Classify structured data using Keras Preprocessing Layers

Classify structured data using Keras Preprocessing Layers

对于既有数值特征,又有类别特征的输入情况,使用 keras的预处理层进行转换。

https://colab.research.google.com/github/tensorflow/docs/blob/master/site/en/tutorials/structured_data/preprocessing_layers.ipynb?hl=ar-bh#scrollTo=sMYQvJuBi7MS

This tutorial demonstrates how to classify structured data (e.g. tabular data in a CSV). You will use Keras to define the model, and preprocessing layers as a bridge to map from columns in a CSV to features used to train the model. This tutorial contains complete code to:

  • Load a CSV file using Pandas.
  • Build an input pipeline to batch and shuffle the rows using tf.data.
  • Map from columns in the CSV to features used to train the model using Keras Preprocessing layers.
  • Build, train, and evaluate a model using Keras.
 

Note: This tutorial is similar to Classify structured data with feature columns. This version uses new experimental Keras Preprocessing Layers instead of tf.feature_column. Keras Preprocessing Layers are more intuitive, and can be easily included inside your model to simplify deployment.

 

 

处理效果

数值型 , 定义输入, 进行正规化变换。

类别性, 转换为整数, 对整数进行类别编码, one-hot-code

 

 

 

CategoryEncoding

https://www.tensorflow.org/api_docs/python/tf/keras/layers/experimental/preprocessing/CategoryEncoding

This layer provides options for condensing data into a categorical encoding. It accepts integer values as inputs and outputs a dense representation (one sample = 1-index tensor of float values representing data about the sample's tokens) of those inputs.

 

类别编码对应的CODE

index -- 字符查询表, 根据字符,查到index

encoder-- 根据index查询到的index,生成one-hot码

def get_category_encoding_layer(name, dataset, dtype, max_tokens=None):
  # Create a StringLookup layer which will turn strings into integer indices
  if dtype == 'string':
    index = preprocessing.StringLookup(max_tokens=max_tokens)
  else:
    index = preprocessing.IntegerLookup(max_values=max_tokens)

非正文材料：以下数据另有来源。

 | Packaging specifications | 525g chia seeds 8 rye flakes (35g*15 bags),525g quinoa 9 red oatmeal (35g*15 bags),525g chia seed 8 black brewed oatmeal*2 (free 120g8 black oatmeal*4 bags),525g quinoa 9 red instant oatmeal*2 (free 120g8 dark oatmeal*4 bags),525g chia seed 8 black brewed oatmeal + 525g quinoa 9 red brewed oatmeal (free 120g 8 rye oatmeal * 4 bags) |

  # Prepare a Dataset that only yields our feature
  feature_ds = dataset.map(lambda x, y: x[name])

  # Learn the set of possible values and assign them a fixed integer index.
  index.adapt(feature_ds)

  # Create a Discretization for our integer indices.
  encoder = preprocessing.CategoryEncoding(max_tokens=index.vocab_size())

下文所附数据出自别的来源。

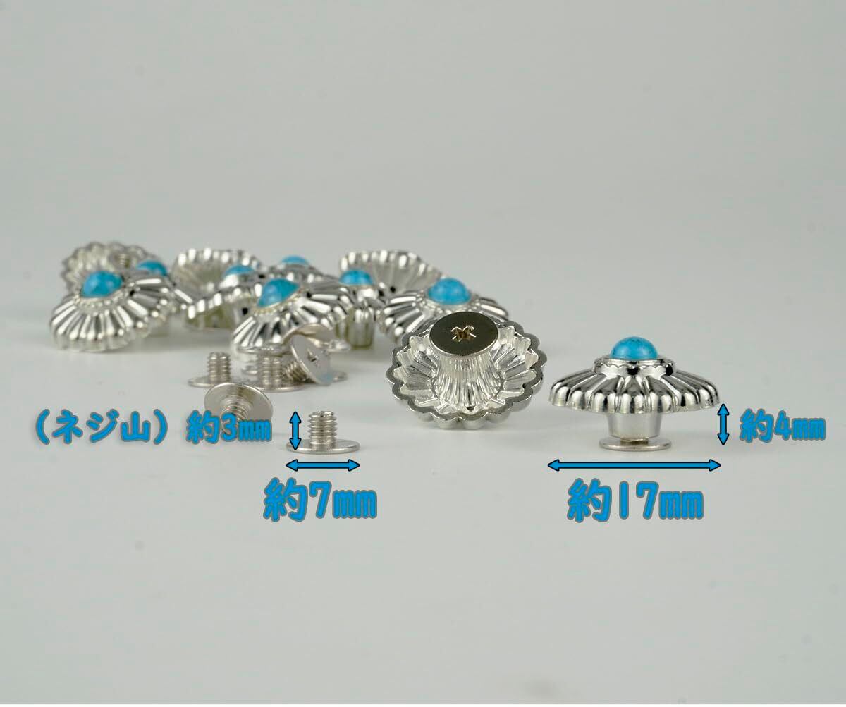 コンチョのサイズ:直径約17mm(画像にご参考ください) カラー:ターコイズブルー・グレー仕上げ 材質:合金

  # Apply one-hot encoding to our indices. The lambda function captures the
  # layer so we can use them, or include them in the functional model later.
  return lambda feature: encoder(index(feature))

 

测试输出

type_col = train_features['Type']
layer = get_category_encoding_layer('Type', train_ds, 'string')
layer(type_col)
<tf.Tensor: shape=(5, 4), dtype=float32, numpy=
array([[0., 0., 1., 0.],
       [0., 0., 1., 0.],
       [0., 0., 1., 0.],
       [0., 0., 1., 0.],
       [0., 0., 0., 1.]], dtype=float32)>

 

数值型处理

生成一个正则转换器。

 

def get_normalization_layer(name, dataset):
  # Create a Normalization layer for our feature.
  normalizer = preprocessing.Normalization()

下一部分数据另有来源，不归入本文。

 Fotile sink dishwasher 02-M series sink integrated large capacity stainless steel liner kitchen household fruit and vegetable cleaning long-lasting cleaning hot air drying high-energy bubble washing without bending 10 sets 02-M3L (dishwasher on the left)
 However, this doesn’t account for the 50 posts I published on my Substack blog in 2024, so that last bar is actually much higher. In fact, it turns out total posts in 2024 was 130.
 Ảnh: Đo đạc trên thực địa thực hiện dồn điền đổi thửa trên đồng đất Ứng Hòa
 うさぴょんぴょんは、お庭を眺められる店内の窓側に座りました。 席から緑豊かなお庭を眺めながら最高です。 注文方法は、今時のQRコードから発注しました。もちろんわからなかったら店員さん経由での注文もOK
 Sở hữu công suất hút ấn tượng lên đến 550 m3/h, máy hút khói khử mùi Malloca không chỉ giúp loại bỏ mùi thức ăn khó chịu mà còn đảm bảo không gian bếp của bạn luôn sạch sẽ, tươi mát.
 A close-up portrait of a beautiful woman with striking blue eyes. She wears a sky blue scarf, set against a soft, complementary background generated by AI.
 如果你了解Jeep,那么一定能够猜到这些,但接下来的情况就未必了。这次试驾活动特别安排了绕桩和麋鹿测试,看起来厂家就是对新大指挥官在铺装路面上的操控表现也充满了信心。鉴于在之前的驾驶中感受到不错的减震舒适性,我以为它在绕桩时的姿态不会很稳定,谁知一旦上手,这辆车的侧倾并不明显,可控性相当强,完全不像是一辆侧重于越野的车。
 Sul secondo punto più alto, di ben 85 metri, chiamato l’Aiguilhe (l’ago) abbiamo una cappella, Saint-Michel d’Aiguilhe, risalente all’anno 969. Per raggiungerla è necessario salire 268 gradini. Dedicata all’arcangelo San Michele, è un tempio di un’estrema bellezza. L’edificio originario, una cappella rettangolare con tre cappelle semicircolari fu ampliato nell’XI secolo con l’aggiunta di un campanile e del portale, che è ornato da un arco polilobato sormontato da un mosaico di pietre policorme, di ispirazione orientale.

  # Prepare a Dataset that only yields our feature.
  feature_ds = dataset.map(lambda x, y: x[name])

  # Learn the statistics of the data.
  normalizer.adapt(feature_ds)

  return normalizer

 

例子,将对应特征,做正规化处理。

photo_count_col = train_features['PhotoAmt']
layer = get_normalization_layer('PhotoAmt', train_ds)
layer(photo_count_col)
<tf.Tensor: shape=(5, 1), dtype=float32, numpy=
array([[ 1.3705449 ],
       [ 0.74395925],
       [-0.19591942],
       [-0.8225052 ],
       [-0.8225052 ]], dtype=float32)>

 

预处理管线定义

all_input 存储 所有的输入层单元

encoded_features 存储 所有的输入层单元, 经过预处理管线后的 逻辑单元, 例如 正规化对象, 和  ONE-HOT 编码对象。

 

all_inputs = []
encoded_features = []

# Numeric features.
for header in ['PhotoAmt', 'Fee']:
  numeric_col = tf.keras.Input(shape=(1,), name=header)
  normalization_layer = get_normalization_layer(header, train_ds)
  encoded_numeric_col = normalization_layer(numeric_col)
  all_inputs.append(numeric_col)
  encoded_features.append(encoded_numeric_col)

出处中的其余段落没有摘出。